Tuesday, December 02, 2008

Krashen defends US schools

Sent to Time Magazine, Dec. 1, 2008
According to many polls, people think that American schools are of low quality, but think that their neighborhood school is ok. They have first-hand information about their neighborhood school, but their information about other schools comes from distortions in the media, such as statements included in the column on the right side of the first page of "Can She Save Our Schools," (Dec. 6).
In common with most teaching/school-bashing articles, it is claimed that a low percentage of our students reach the proficient level on standardized tests, our students do much worse than those in other countries and our high school graduation rates are low. None of these claims are true.
Scholars such as Richard Rothstein and Gerald Bracey have argued that test makers in the US set the criteria for levels such as "proficient" much too high. Bracey has pointed out that using our standards, no country in the world would come close to having a majority of proficient readers.
Comparisons with other countries ignore the poverty variable. Rothstein has documented that children of poverty have inferior health care, an inferior diet, and fewer educational opportunities outside of school, such as travel and trips to museums. They are also less likely to have their own study area, get less help with homework, and have far less access to books in the home and in their communities. These factors have a profound influence on academic achievement.
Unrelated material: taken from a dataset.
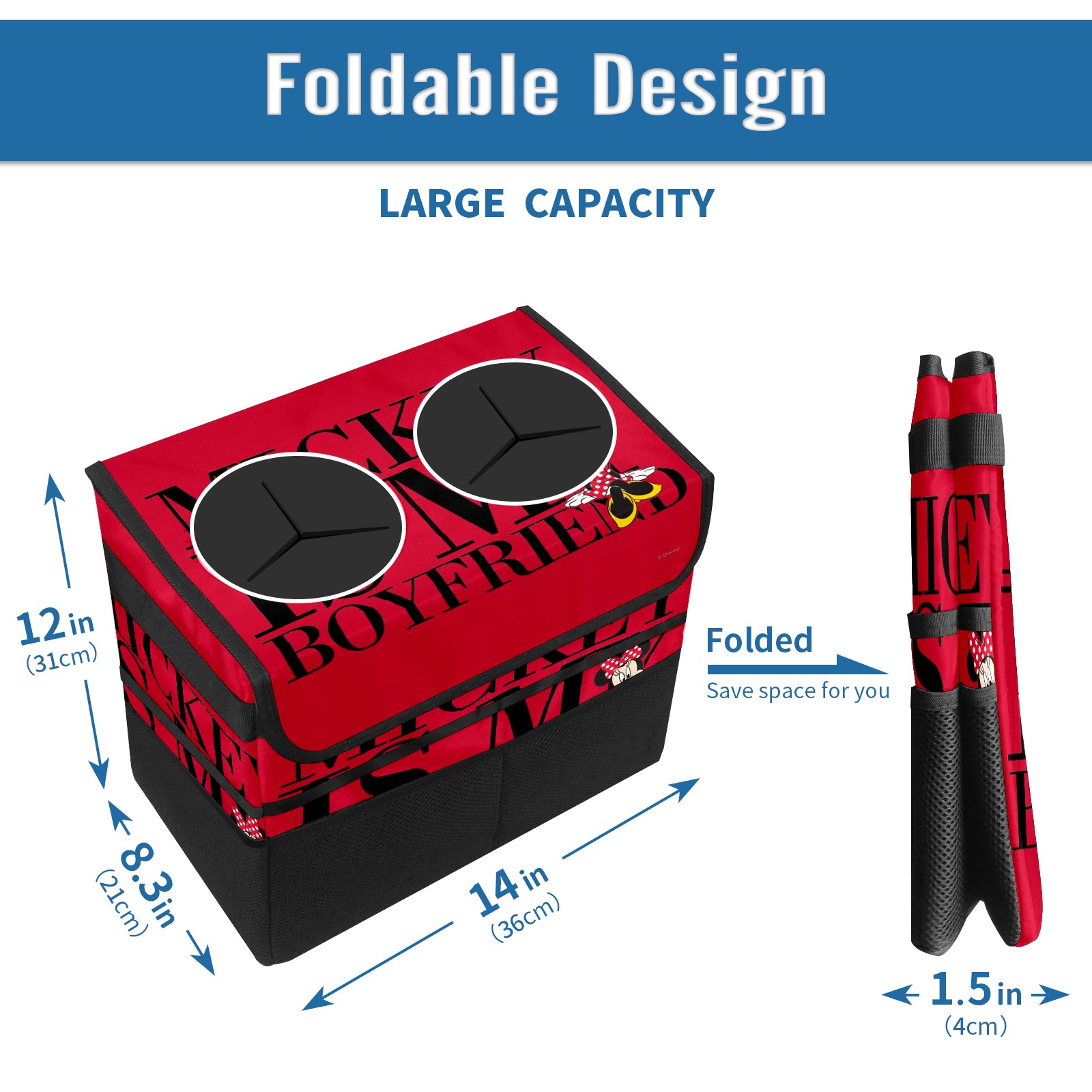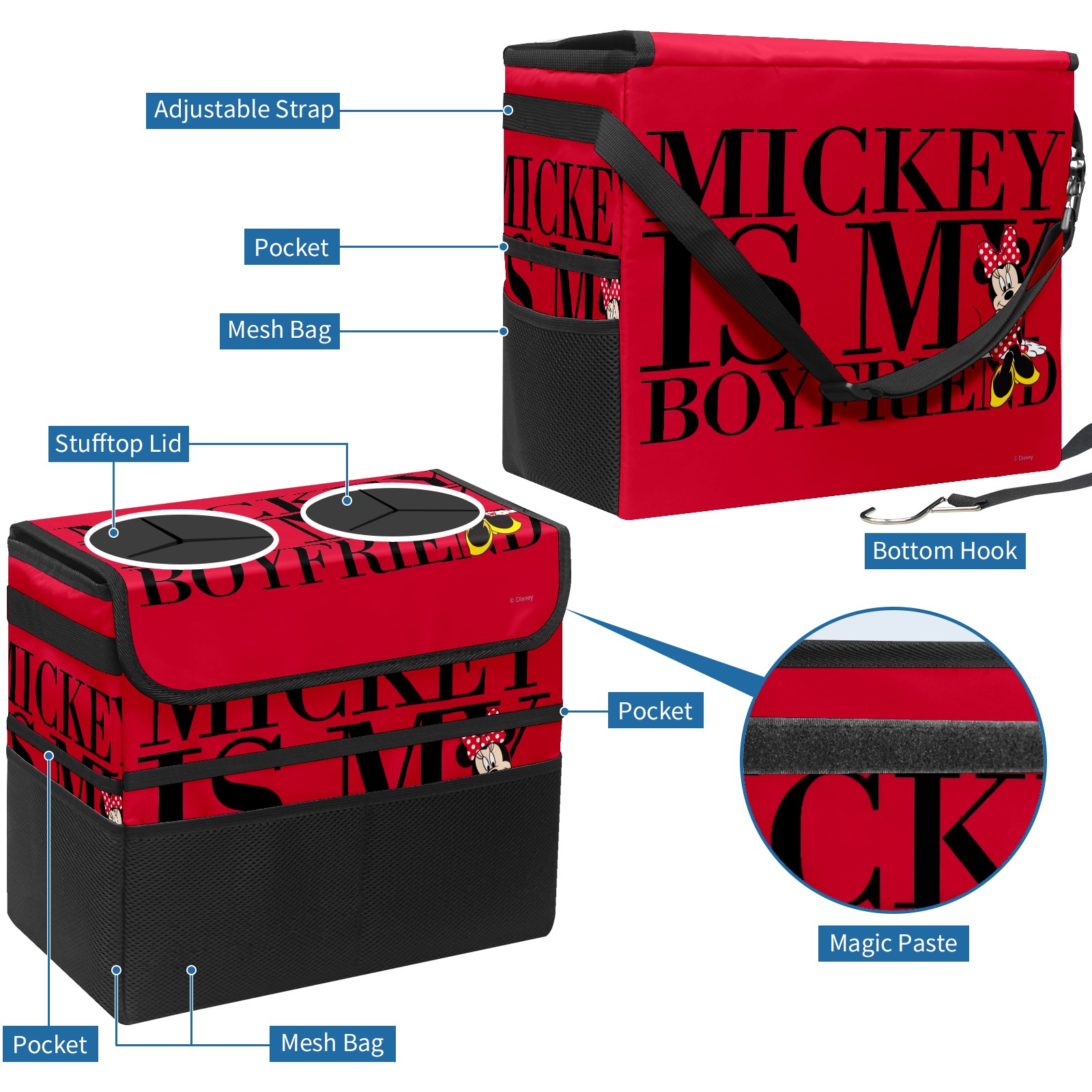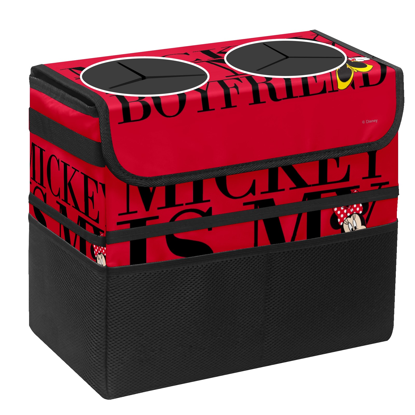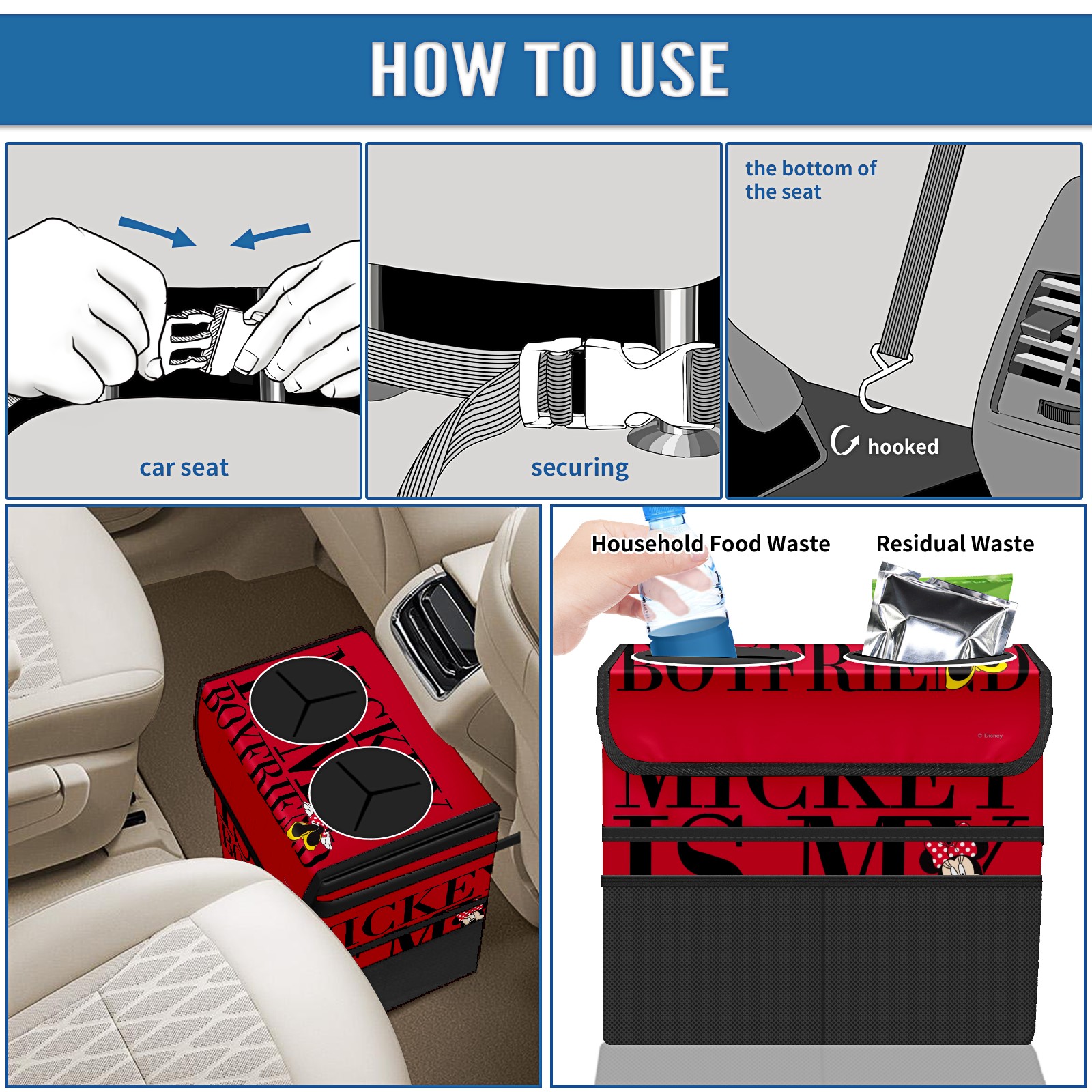 Car Trash Can with Lid, Portable Hanging Automotive Garbage Bin for Vehicles, Leakproof Waste Bag Container for SUV Truck Van Interior Auto Travel Road Trips(Red Minnie Mouse Mickey Is My Boyfriend)
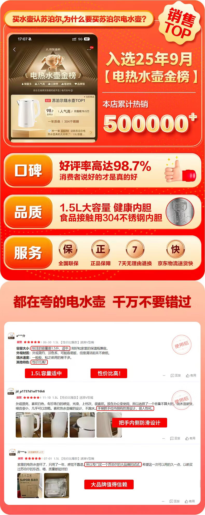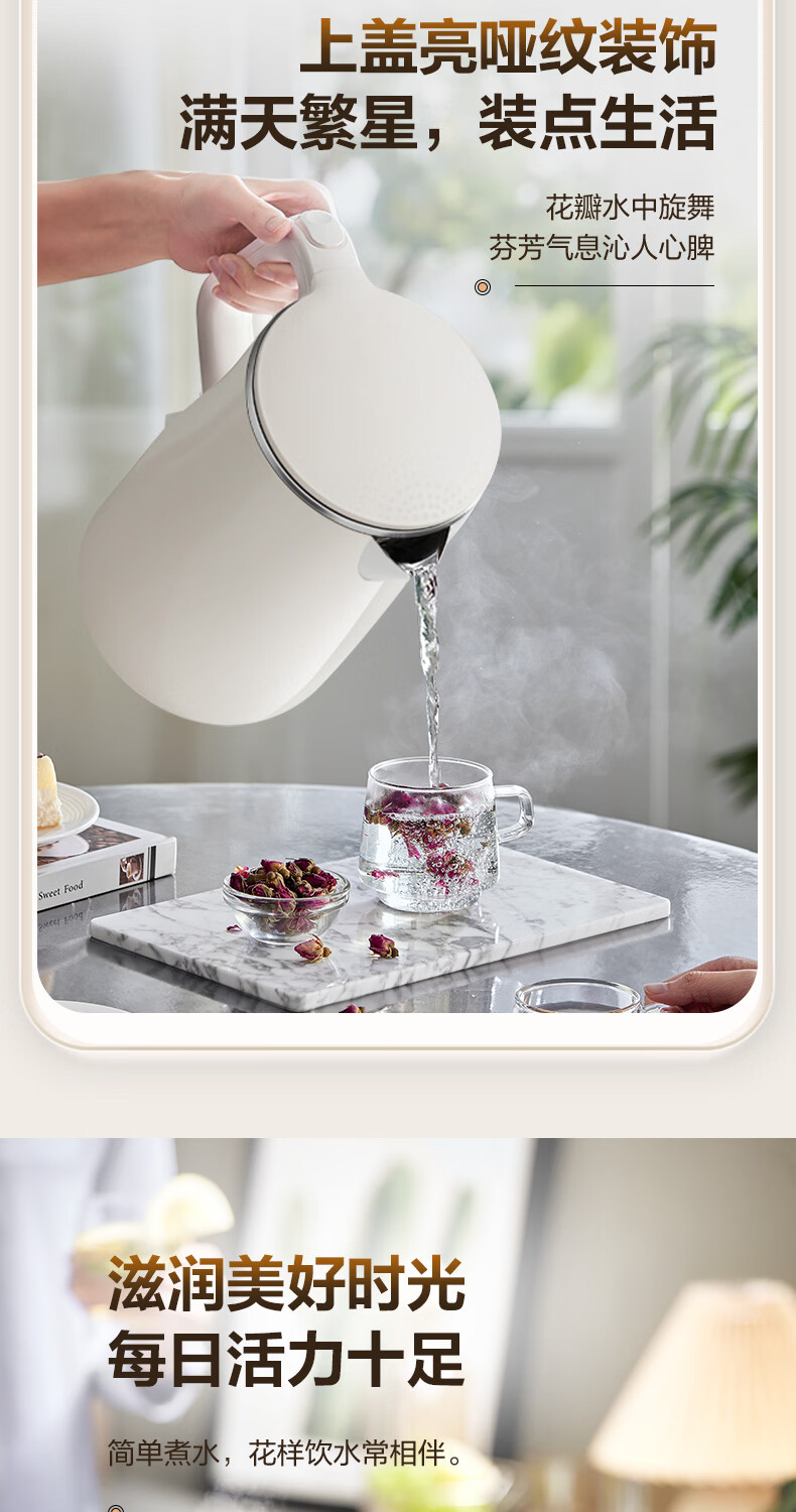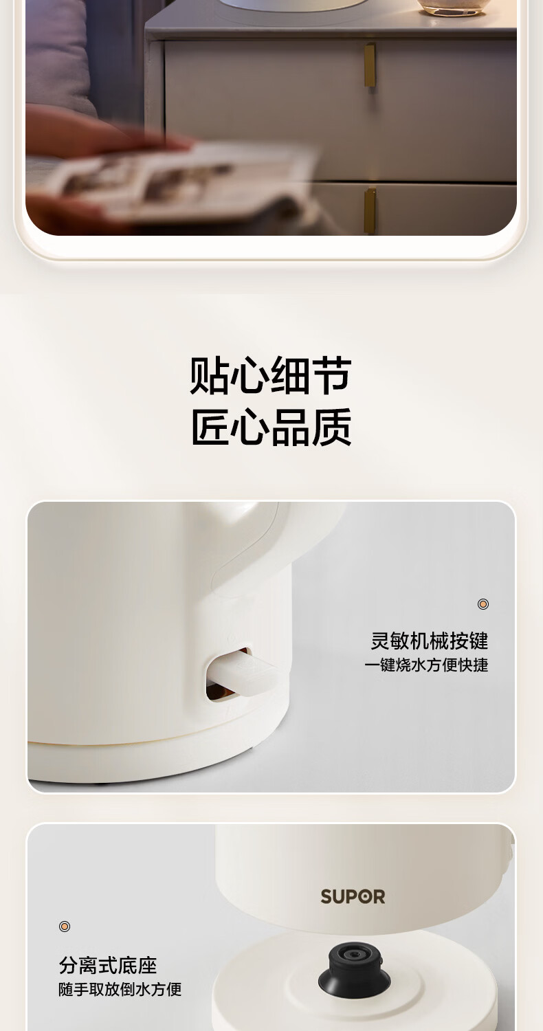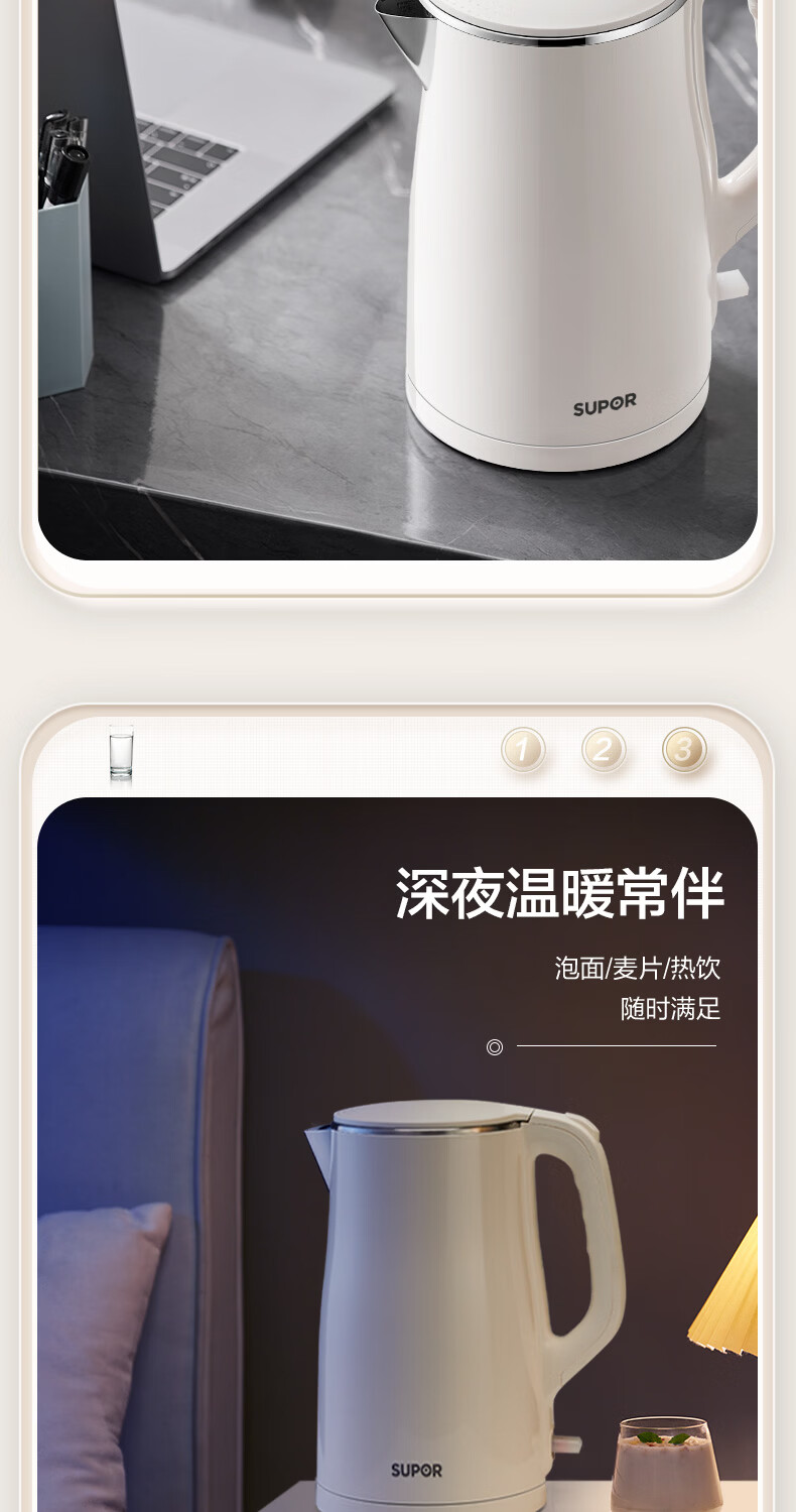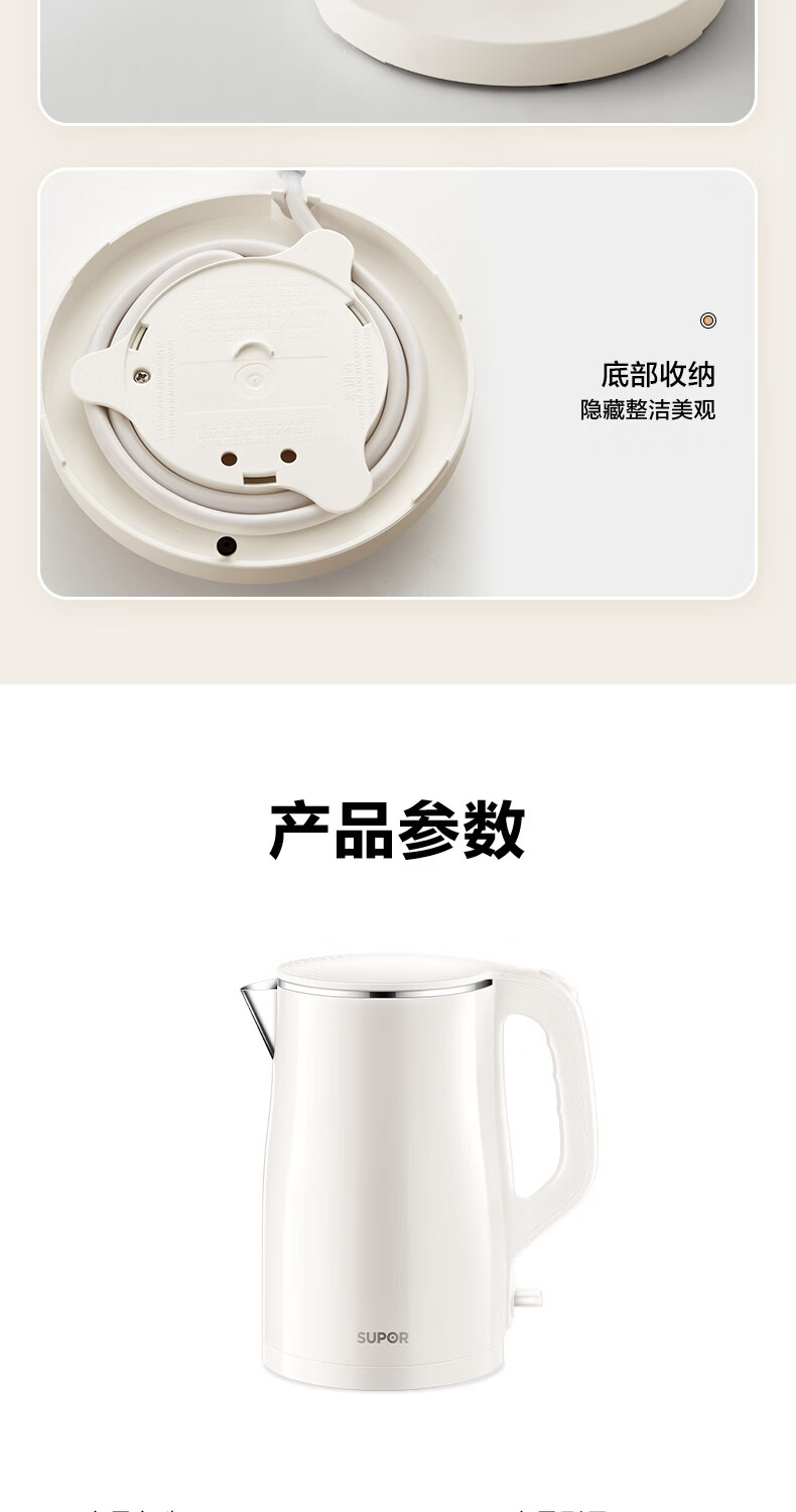 苏泊尔(SUPOR)电水壶烧水壶 1.5L小容量热水壶 304不锈钢健康内胆 双层防烫 电热水壶 SW-15T80A

Bracey has pointed out that American schools with low poverty rates score higher than even the highest scoring countries on standardized tests; only American schools with high levels of poverty (75% or more) fall below the international average.
Studies tell us that one of the main reasons students drop out is that they have to work. Even so, according to the US Census, about 85% of adults 25 or older in the US are now high school graduates, the highest in our history. In 1910, only 13.5% of adults had graduated high school.
Time's researchers need to go back to school.